──────── Collected data ────────
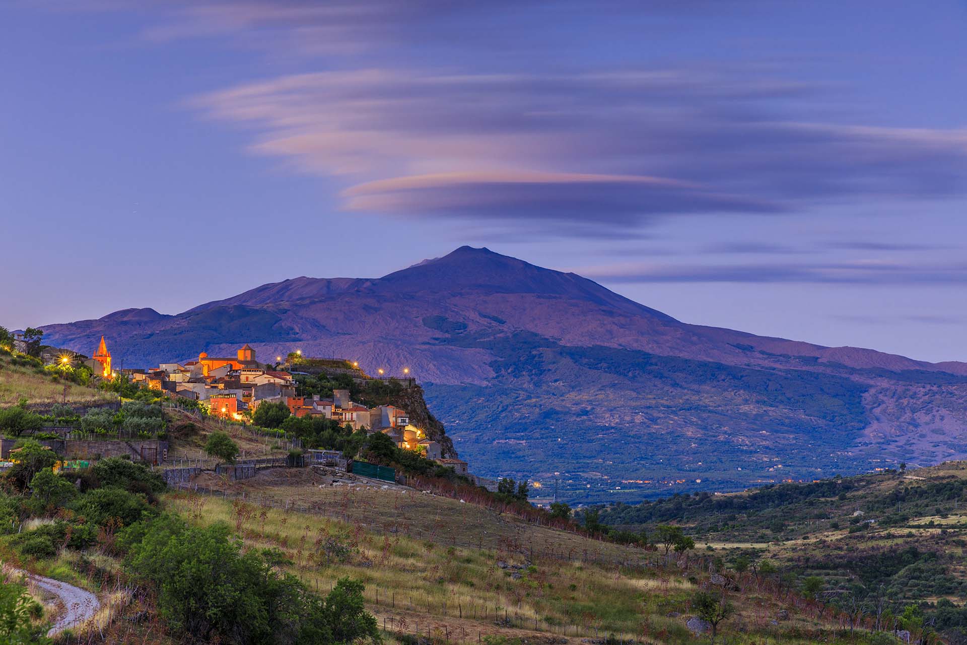 Photo by © Alessandro Saffo 2024 – All rights reserved. Versante nord est dell’Etna con la formazione di una nuvola lenticolare, Contesa dei Venti, chiamata a Cuntissa dalla popolazione locale
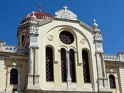 Die Metropolitan-Kirche war zu klein geworden für die stark wachsende orthodoxe Kirchengemeinde, so dass der Bau einer neuen Kathedrale notwendig wurde. Durch Konzessionen an die türkischen Besatzer wurde die Erlaubnis dazu erteilt. Unter dem Metropolit Dionysios Charitoniadis begann man 1862 mit dem Bau nach den Plänen des Architekten Athanasios Moussis aus Epirus. Die Arbeiten wurden aufgrund des Aufstandes von 1866 bis zum Jahre 1883 unterbrochen. Die Kathedrale wurde am 16. April 1895 feierlich von Timotheos Kastrinoyiannis eingeweiht. Die Ausschmückung erfolgte unter der Mitwirkung von Anastasios Orlandos, der 1930 den Entwurf für die Ikonostase erstellte. Die Fresken der Kirche zeigen Themen aus der Bibel und wurden erst 1964 von Stelios Kartakis vollendet.
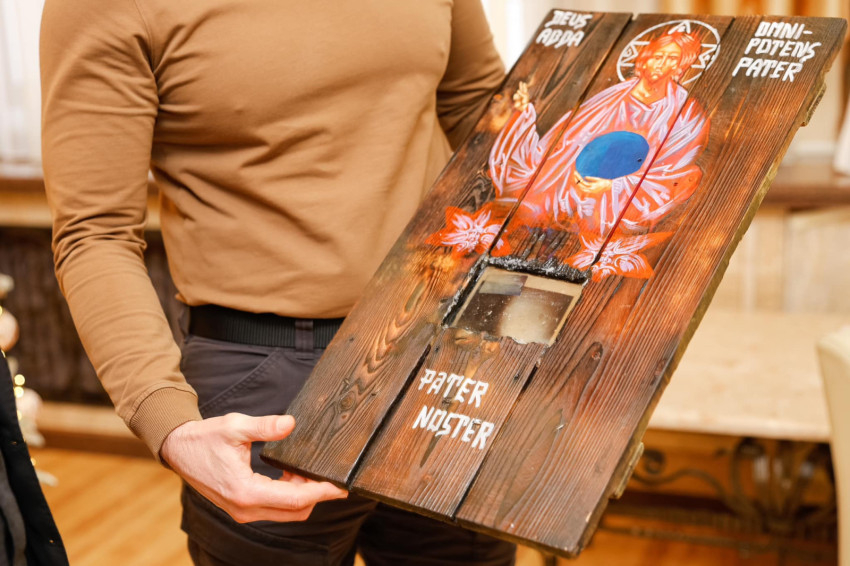 Viktor Mikita hálájának jeléül Hubert Kamp lengyel önkéntes és ikonfestő egyik művét ajándékozta a püspöknek. Az alkotás különlegessége, hogy alapjául a frontról hozott lőszeres doboz egyik tábláját használták fel. A püspök lelki olvasmányt hozott ajándékba a kormányzónak.
────────
> Problem
What the task needs is the material above repeated exactly, pictures excepted.

> Task solution
 Photo by © Alessandro Saffo 2024 – All rights reserved. Versante nord est dell’Etna con la formazione di una nuvola lenticolare, Contesa dei Venti, chiamata a Cuntissa dalla popolazione locale
 Die Metropolitan-Kirche war zu klein geworden für die stark wachsende orthodoxe Kirchengemeinde, so dass der Bau einer neuen Kathedrale notwendig wurde. Durch Konzessionen an die türkischen Besatzer wurde die Erlaubnis dazu erteilt. Unter dem Metropolit Dionysios Charitoniadis begann man 1862 mit dem Bau nach den Plänen des Architekten Athanasios Moussis aus Epirus. Die Arbeiten wurden aufgrund des Aufstandes von 1866 bis zum Jahre 1883 unterbrochen. Die Kathedrale wurde am 16. April 1895 feierlich von Timotheos Kastrinoyiannis eingeweiht. Die Ausschmückung erfolgte unter der Mitwirkung von Anastasios Orlandos, der 1930 den Entwurf für die Ikonostase erstellte. Die Fresken der Kirche zeigen Themen aus der Bibel und wurden erst 1964 von Stelios Kartakis vollendet.
 Viktor Mikita hálájának jeléül Hubert Kamp lengyel önkéntes és ikonfestő egyik művét ajándékozta a püspöknek. Az alkotás különlegessége, hogy alapjául a frontról hozott lőszeres doboz egyik tábláját használták fel. A püspök lelki olvasmányt hozott ajándékba a kormányzónak.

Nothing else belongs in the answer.